Check out github.com/Nintorac/fsspec-fun for the sources.
You should know, when you see a block of Python, the content after it is the output of that bit of code.
eg. printing to console
print("This code is being executed, and the next box is the output\nit works exactly like it would in a jupyter notebook")
This code is being executed, and the next box is the output
it works exactly like it would in a jupyter notebook
or displaying a variable directly
123456
123456
Getting started
First we are going to install a few dependencies.
!pip install --disable-pip-version-check --root-user-action=ignore -q \
fsspec pandas
import fsspec, pandas as pd
fsspec which is the star of the article, and Pandas to demonstrate some of the neat interoperability (but this works with many other libraries eg DuckDB, Polars..etc)
fsspec is a neat little tool that aims to provide a unified interface to files wherever they live, be that locally, in a zip, on http or even FTP! Heres the full list of built in implementations and a list of other known implementations
For example;
fs = fsspec.filesystem('file')
with fs.open('example_file','w') as f:
f.write('hello')
!cat example_file
hello
Here we create a file named example_file
in the current working directory, write some text into it and then escape to shell to
print the file using cat.
Here’s another example;
fs = fsspec.filesystem('memory')
with fs.open('example_file','w') as f:
f.write('a,b,c\n1,2,3')
df = pd.read_csv('memory://example_file')
df
a | b | c | |
---|---|---|---|
0 | 1 | 2 | 3 |
This time we use the ‘memory’ filesystem, an ephemeral in memory filesystem provided by fsspec out of the box.
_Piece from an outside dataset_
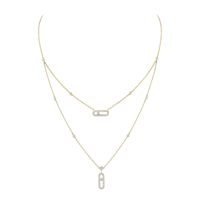 Move Uno 2 Rows Yellow Gold Diamond Necklace

We write a csv to it, and then use pandas to read the csv directly.
So pandas supports fsspec out of the box!
Bucket storage
Ok, lets get a bit more fancy;
!docker run --name nervous_sutherland --rm -d \
-p 9000:9000 \
-p 9001:9001 \
-e "MINIO_ROOT_USER=minio" \
-e "MINIO_ROOT_PASSWORD=123456789" \
quay.io/minio/minio server /data --console-address ":9001"
!sleep 2
!docker exec nervous_sutherland bash -c \
"mc alias set myminio http://localhost:9000 minio 123456789 && \
mc mb myminio/mybucket"
!pip install --disable-pip-version-check --root-user-action=ignore -q \
s3fs
3bd79abde39850ba8dcc29028457ff5a64ec37b7db5f5ece167b60a8197e310e
Added `myminio` successfully.
Bucket created successfully `myminio/mybucket`.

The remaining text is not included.